The lore_file_timeline tool is the workhorse. The two
high-confidence remove verdicts (packetengines, fujitsu) were
both driven by lore_file_timeline calls that surfaced active
upstream removal patches.
Web search
codex exec exposes the native Responses web_search tool to the
model even without the --search top-level flag (which is
TUI-only). This appears to be enabled by default when any MCP
server is configured. We treat that as observed behaviour rather
than a guarantee — if a future codex upgrade removes implicit
web_search, fall back to a brave/serpapi MCP server registered
in ~/.codex/config.toml.
In the corpus, web search is heavily used (199 calls across the top-100 sweep) and contributes most of the deployment evidence (distro package pages, vendor EOL notices, virtualisation guest docs, OpenWrt/postmarketOS wikis).
Per-driver output directory
Every probe writes to data/dossiers/<driver-path>/:
prompt.md the prompt sent to codex
dossier.json the schema-validated verdict
events.jsonl full codex event stream (tool calls, tokens, ...)
stderr.log codex stderr (rarely interesting; lei daemon failures land here)

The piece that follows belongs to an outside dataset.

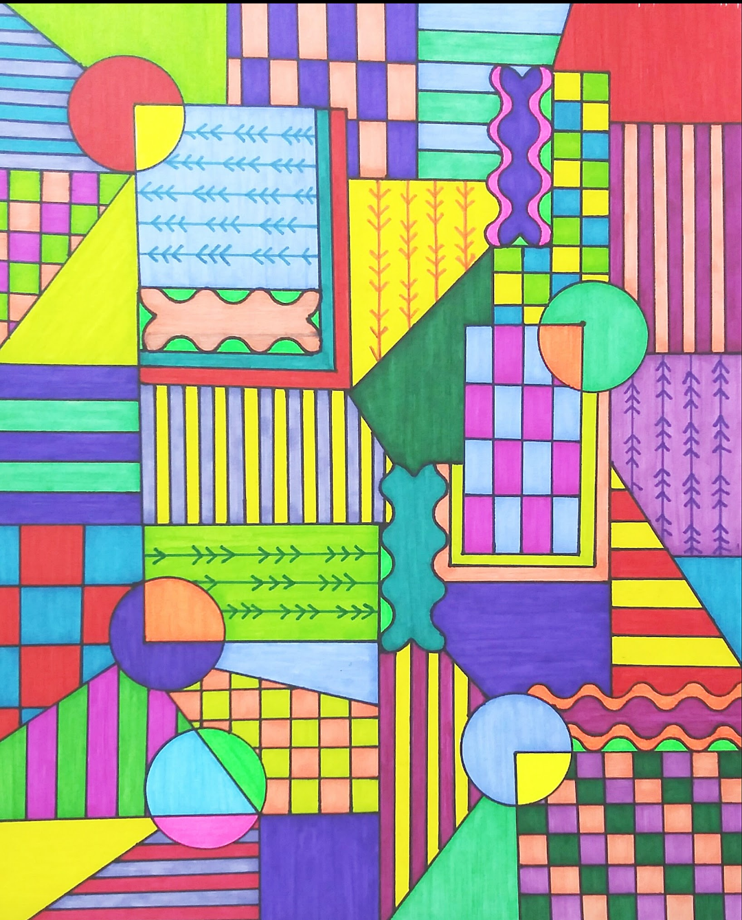Alternating colors With plaids of two or three Various shapes in the mix Makes such a vivid piece Oh so colorful

static_features.json phase-1 git-log facts
meta.json invocation receipt: model, kernel SHA, since date, tokens, elapsed
summary.json derived: verdict + tool counts + tool log
The directory is self-contained. Anyone reading
data/dossiers/drivers/foo/bar/ can reconstruct exactly what was
asked, what tools fired, what the model said, and what kernel
state it was reasoning against.
Idempotence and re-runs
phase2_probe.py skips any driver whose dossier.json already
exists. To re-probe:
# Single driver
rm -rf data/dossiers/drivers/foo/bar
uv run --script scripts/phase2_probe.py ... --paths drivers/foo/bar
# Force the whole shortlist
uv run --script scripts/phase2_probe.py ... --force
Mixing model versions across a corpus is fine — each meta.json
records its own model_reasoning_effort and timestamp. The
build_index step picks them up uniformly.
Cost characteristics
Empirical (top-1000 sweep, 858 dossiers):
- 76.7s avg wall-clock per real probe
- 12.8s avg for
not-a-driverearly-exits (significant saving) - 78% input-token cache hit rate across consecutive probes
- ~165k input + ~3k output tokens per real probe
- ~$0.20-$0.30 per probe at gpt-5.4 pricing
- ~$240 for the full top-1000
The cache hit rate matters: the codex system context is reused across calls, so amortised cost per driver drops substantially in a long batch. A single-shot probe pays full price; a batch of 100 pays roughly 22% of that per driver.
Concurrency
The current runner is single-threaded. Phase-2 probes are CPU-
light and IO-bound (waiting on codex/MCP/web), so a 4-way
concurrent runner would drop wall-clock by roughly 4x. Adding
that is asyncio.gather over the shortlist with a semaphore;
roughly 30 lines. Current corpus was built serial, but this is the
obvious next improvement for further scale.